● Source data
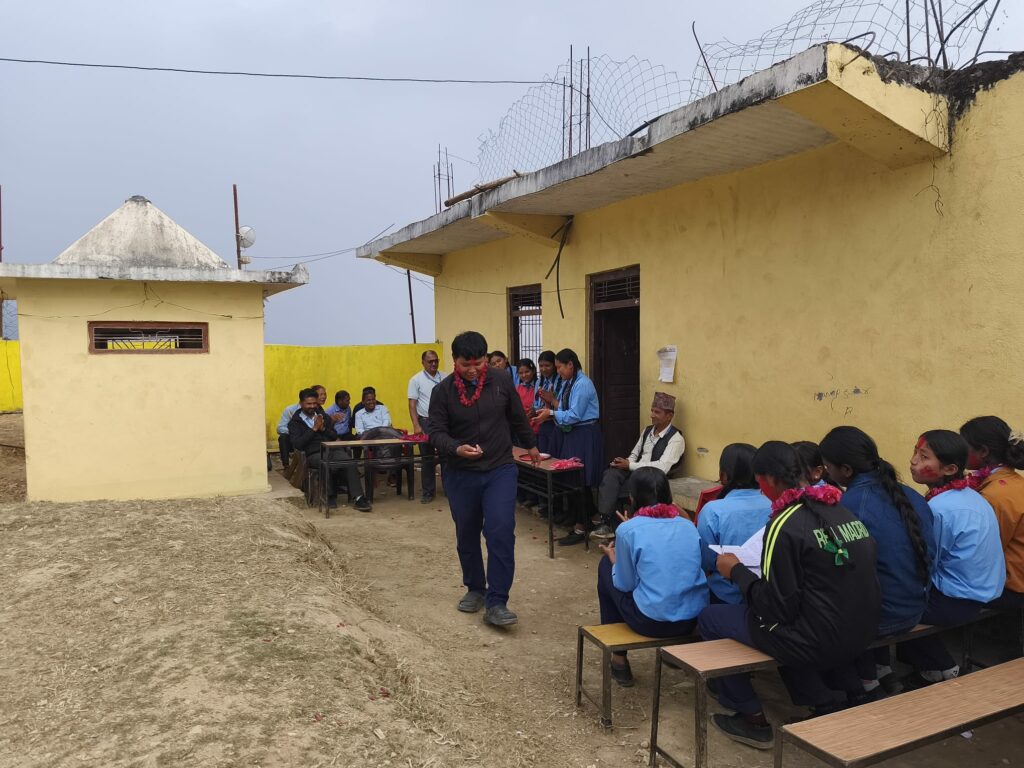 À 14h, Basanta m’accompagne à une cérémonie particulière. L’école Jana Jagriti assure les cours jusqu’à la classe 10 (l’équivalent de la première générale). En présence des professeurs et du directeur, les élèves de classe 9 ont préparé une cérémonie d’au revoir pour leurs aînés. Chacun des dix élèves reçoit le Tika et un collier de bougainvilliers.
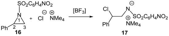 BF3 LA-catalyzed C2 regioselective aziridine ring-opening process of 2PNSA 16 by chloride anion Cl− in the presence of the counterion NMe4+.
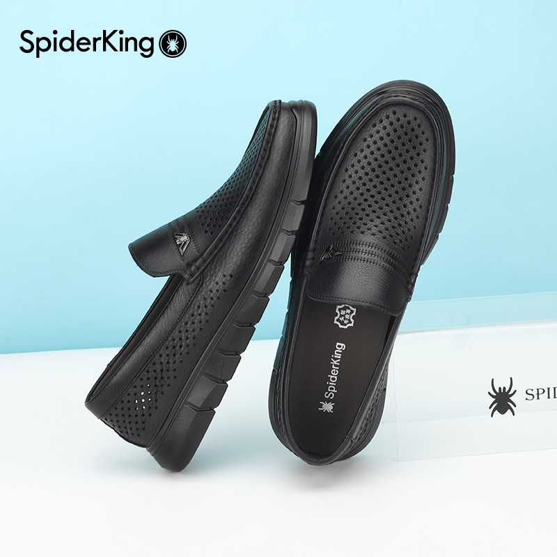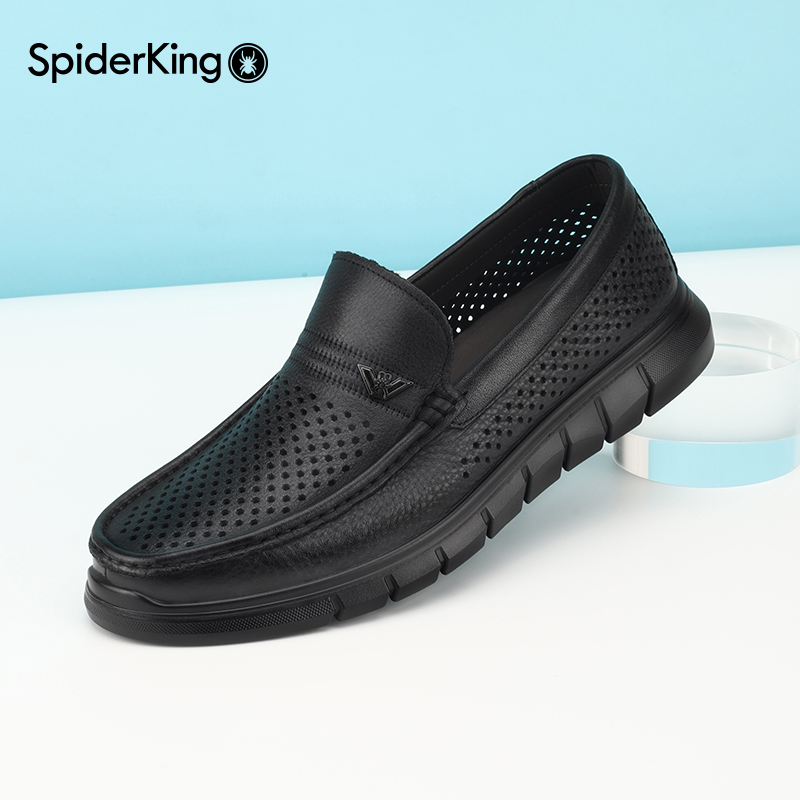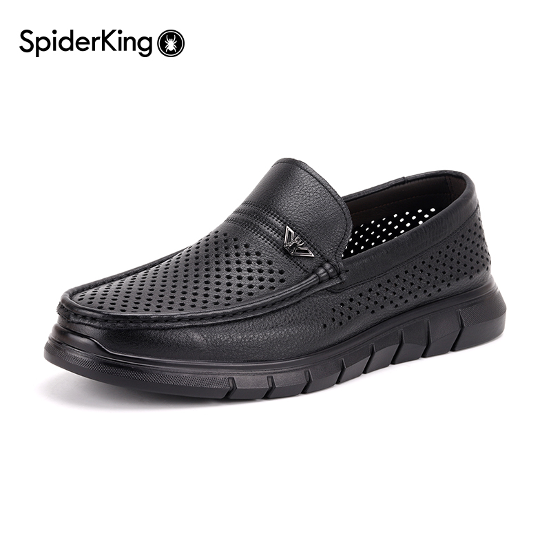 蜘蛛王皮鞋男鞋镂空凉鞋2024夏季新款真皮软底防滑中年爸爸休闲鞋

● Instructions for the task
Retype the whole listing exactly and leave the pictures out.

● Result of the task
 À 14h, Basanta m’accompagne à une cérémonie particulière. L’école Jana Jagriti assure les cours jusqu’à la classe 10 (l’équivalent de la première générale). En présence des professeurs et du directeur, les élèves de classe 9 ont préparé une cérémonie d’au revoir pour leurs aînés. Chacun des dix élèves reçoit le Tika et un collier de bougainvilliers.
 BF3 LA-catalyzed C2 regioselective aziridine ring-opening process of 2PNSA 16 by chloride anion Cl− in the presence of the counterion NMe4+.
 蜘蛛王皮鞋男鞋镂空凉鞋2024夏季新款真皮软底防滑中年爸爸休闲鞋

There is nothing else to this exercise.